The gdb I always see is the GNU symbolic debugger.
Also, the array is directly defined in the main function as Global variables are just fine, every function can be operated, don't refer to them.
Numb, debug failed. don't paste the code
Chapter 5 Partition
merge sort
Complexity nlogn
"copy Song Tie":
#include <iostream>
using namespace std;
int a[10] = {
13, 27, 19, 3, 8, 12, 2, 8, 30, 89};
int b[10]; // to have a storage to store the sorted array
void MergeSort(int a[], int start, int end, int tmp[]);
int main()
{
int size = sizeof(a) / sizeof(int);
MergeSort(a, 0, size - 1, b);
for (int i = 0; i < size; i++)
{
cout << a[i] << ",";
}
cout << endl;
return 0;
}
void Merge(int a[], int start, int middle, int end, int tmp[])
{
int pointerb = 0;
int pointer1 = start, pointer2 = middle + 1;
while (pointer1 <= middle && pointer2 <= end)
{
if (a[pointer1] < a[pointer2])
{
tmp[pointerb++] = a[pointer1++];
}
else
{
tmp[pointerb++] = a[pointer2++];
}
}
while (pointer1 <= middle)
tmp[pointerb++] = a[pointer1++];
while (pointer2 <= end)
tmp[pointerb++] = a[pointer2++];
for (int i = 0; i < end - start + 1; ++i)
a[start + i] = tmp[i];
}
void MergeSort(int a[], int start, int end, int tmp[])
{
if (start < end)
{
int middle = start + (end - start) / 2;
MergeSort(a, start, middle, tmp);
MergeSort(a, middle + 1, end, tmp);
Merge(a, start, middle, end, tmp);
}
}
You can select all variable names and rename this variable. (Shortcut key: select and add F2)

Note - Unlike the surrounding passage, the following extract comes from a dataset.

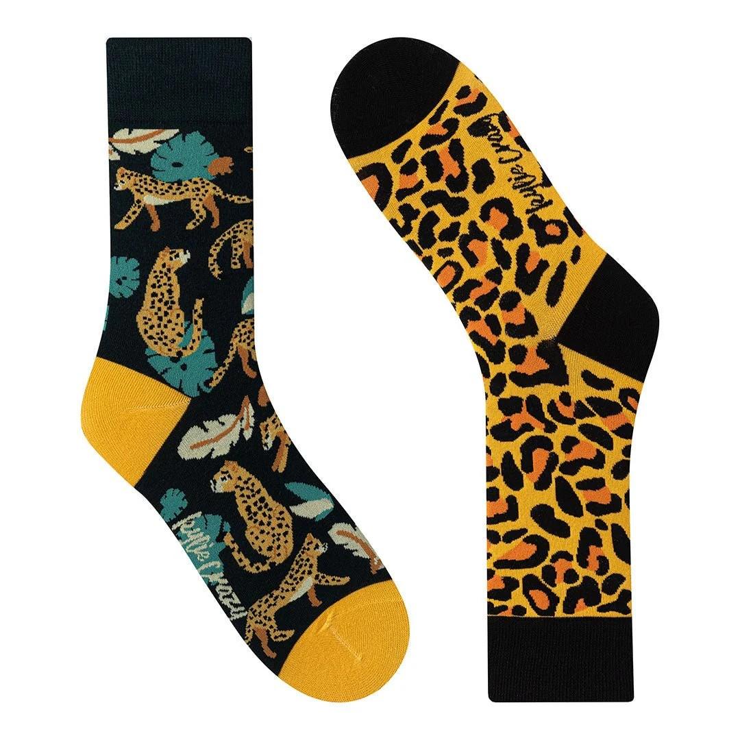 Calcetines “sin costuras” con diseño leopardo, diferentes entre sí pero igual de salvajes. Comodísimos, suaves y con mucho carácter, perfectos para quienes marcan su propio camino.

divide and conquer; recursion;
quick sort
#include <iostream>
using namespace std;
int main()
{
int a[3] = {
1, 2, 3};
int i = 0;
cout << a[i++] << endl;
cout << i;
}
//output 1
//1
#include <iostream>
using namespace std;
int main()
{
int a[3] = {
1, 2, 3};
int i = 0;
cout << a[++i] << endl;
cout << i;
}
//output 2
//1
#include <iostream>
using namespace std;
int main()
{
int a[3] = {
1, 2, 3};
int i = 1;
a[i--] = 6;
cout << a[0] << " " << a[1] << endl;
cout << i;
}
//output 1 6
0
// About IDE(clion):
// The IDE I use is clion, chasing stars
// shift + alt + < or > can change the font size
// Changing the input method in the lower right corner to ENG can prevent Chinese and The input of its punctuation
//About the array:
int length = sizeof(a)/sizeof(a[0])
for(int i = 0; i < length; i++)
Chapter 6 Dynamic Programming
number triangle
#include <iostream>
#include <algorithm>
using namespace std;
const int MAXN = 105;
int N;
int triangle[MAXN][MAXN];
int dp[MAXN][MAXN];
int main() {
cin >> N;
for (int i = 1; i <= N; i++) {
for (int j = 1; j <= i; j++) {
cin >> triangle[i][j];
}
}
// 初始化最后一行的 dp 值
for (int j = 1; j <= N; j++) {
dp[N][j] = triangle[N][j];
}
// 自底向上进行动态规划
for (int i = N-1; i >= 1; i--) {
for (int j = 1; j <= i; j++) {
dp[i][j] = max(dp[i+1][j], dp[i+1][j+1]) + triangle[i][j];
}
}
// 最终的答案即为 dp[1][1]
cout << dp[1][1] << endl;
return 0;
}
It feels like int n and cin>>n can be placed in one line, because one thing is done.